Task prompt: Repeat exactly the line with "CEC400 CERVO STINCO C/OSSO CONG." and each line after it to the end of the data below; pictures stay out.

*** Records for the task ***

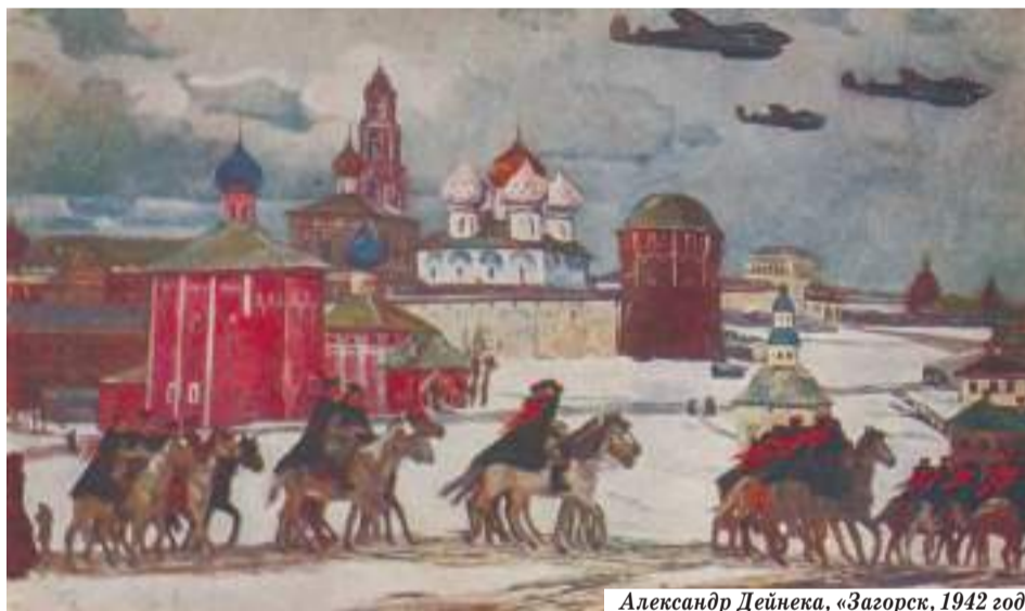
Александр Дейнека, «Загорск, 1942 год»

«В начале 1942 года в боях под Боровском во взвод, которым я командовал, прибыло новое оружие, в том числе и несколько штук ППШ. Так как бойцов было в несколько раз больше, чем автоматов, его выдавали, как награду. Получив новое оружие, солдаты разбрелись, чтобы его опробовать. Вдруг вижу, бежит ко мне боец и показывает выцарапанную на ложе надпись: «Привет из Загорска». С трудом сдержал слезы, ведь это была первая весточка из родного города».
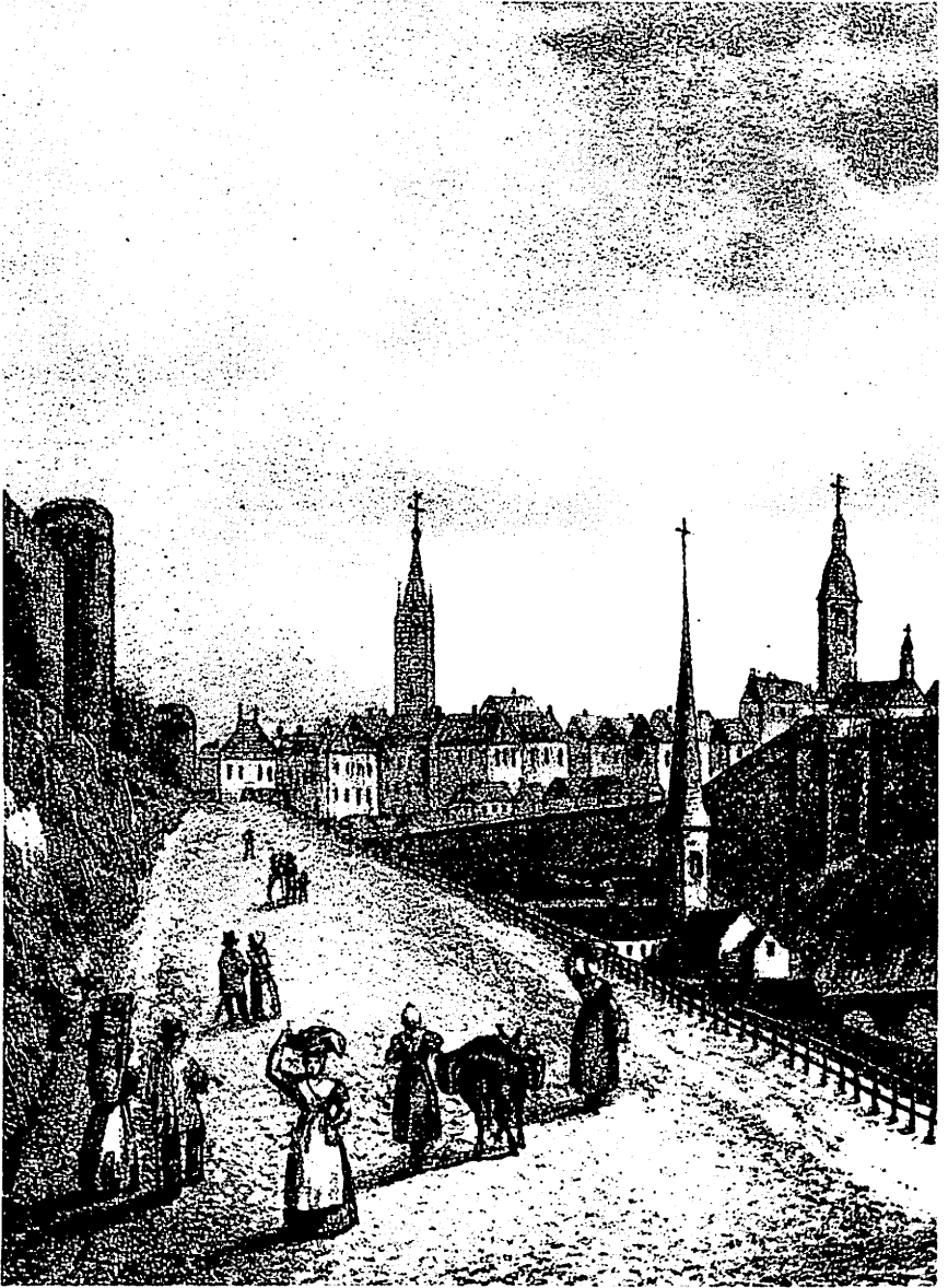
Vue de la Ville de Luxembourg à partir de la route de Trèves qui mène à la Tour Jacob ; de gauche à droite les clochers des églises Notre-Dame, St-Jean-du-Grund et St-Michel. (Extrait d'une lithographie anonyme de 1827).
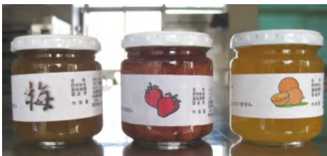
食品製造で作っているジャム

A2 作物・・・水稲栽培を基盤に野菜、大豆栽培 食品製造・・・ジャム製造(イチゴ・ウメ・ブドウ・オレンジ) 農業機械・・・エンジンの分解・組立、溶接・溶断技術の習得 畜産関係・・・鶏、豚、肉牛、乳牛の飼育管理と粗飼料(イタリアン・エン麦)栽培
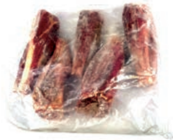
CEC400 CERVO STINCO C/OSSO CONG.
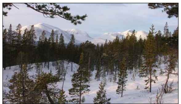
Utsikt fra nedre del av området mot "De blå fjella"
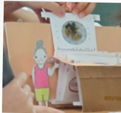
สื่อที่เอื้อต่อการพัฒนา SENSORY DOMAIN
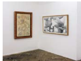
Corentin Grossmann, Wim Delvoye

"Neuf fragments de petites choses instantanées" (2007, 25mn VF) Projection à l'occasion du mois du documentaire présenté par caméra stylo. Samedi 28 novembre à 15h, Bibliothèque 2°, 13 rue de Condé, 69002 Lyon.

*** End of Records for the task ***

Final answer:
CEC400 CERVO STINCO C/OSSO CONG.
Utsikt fra nedre del av området mot "De blå fjella"
สื่อที่เอื้อต่อการพัฒนา SENSORY DOMAIN
Corentin Grossmann, Wim Delvoye

"Neuf fragments de petites choses instantanées" (2007, 25mn VF) Projection à l'occasion du mois du documentaire présenté par caméra stylo. Samedi 28 novembre à 15h, Bibliothèque 2°, 13 rue de Condé, 69002 Lyon.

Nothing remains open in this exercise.